Mathematical and computational modelling of vegetated soil incorporating hydraulically-driven finite strain deformation
Mathematical and computational modelling of vegetated soil incorporating hydraulically-driven finite strain deformation
In this paper a new model for the hydro-mechanical behaviour of rooted soils is developed. It is a physically-based model that couples finite strain soil deformation with unsaturated water and air flow, while improving on existing cohesion-based approaches to mechanical root reinforcement and empirical soil water-uptake approaches typically used to deal with rooted slopes.
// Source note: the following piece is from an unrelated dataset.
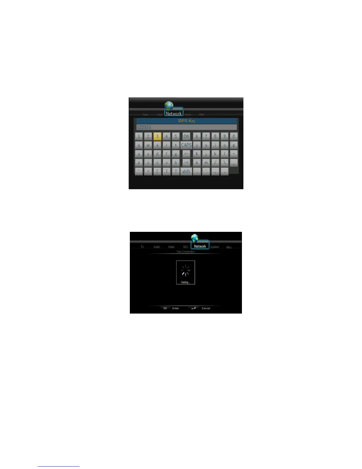 Encryption keys can be inputted via the virtual keyboard. Press the navigational buttons to

The model is used to show that the dynamics of soil-water pressure and soil deformation depend strongly on the physics of the root-water uptake and the elasto-plastic soil mechanics. Root water uptake can cause suctions and corresponding soil shrinkage sufficiently large to necessitate a finite-strain approach. Although this deformation can change the intrinsic permeability, hydraulic conductivity remains dominated by the water content. The model incorporates simultaneous air-flow, but this is shown to be unimportant for soil-water dynamics under the conditions assumed in example simulations. The mechanical action of roots is incorporated via a root stress tensor and a simulation is used to show how root tension is mobilised within a swelling soil. The developed model may be used to simulate both laboratory experiments and full-scale vegetated slopes.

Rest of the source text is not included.